Research Paper#Mathematics, Probability, Markov Chains, Combinatorics🔬 ResearchAnalyzed: Jan 3, 2026 17:14
k-Plancherel Measure and Finite Markov Chain
Published:Dec 30, 2025 16:57
•1 min read
•ArXiv
Analysis
This paper explores the $k$-Plancherel measure, a generalization of the Plancherel measure, using a finite Markov chain. It investigates the behavior of this measure as the parameter $k$ and the size $n$ of the partitions change. The study is motivated by the connection to $k$-Schur functions and the convergence to the Plancherel measure.
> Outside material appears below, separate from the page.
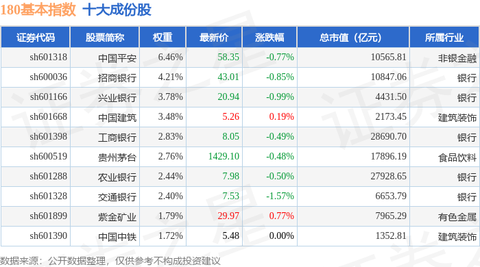 证券之星消息,12月3日,180基本(000053)指数报收于12447.81点,跌0.42%,成交1830.98亿元,换手率0.36%。当日该指数成份股中,上涨的有66家,华润微以7.94%的涨幅领涨,下跌的有105家,传音控股以8.23%的跌幅领跌。

The paper's significance lies in its exploration of a new growth process and its potential to reveal insights into the limiting behavior of $k$-bounded partitions.
Key Takeaways
- •Introduces a growth process on $k$-cores whose stationary distribution is the $k$-Plancherel measure.
- •Connects the $k$-Plancherel measure to a finite Markov chain with $k!$ states.
- •Conjectures about the limiting behavior of the measure as $n$ approaches infinity for fixed $k$.
- •Initiates the study of these processes and presents theorems and conjectures.
Reference
“The paper initiates the study of these processes, state some theorems and several intriguing conjectures found by computations of the finite Markov chain.”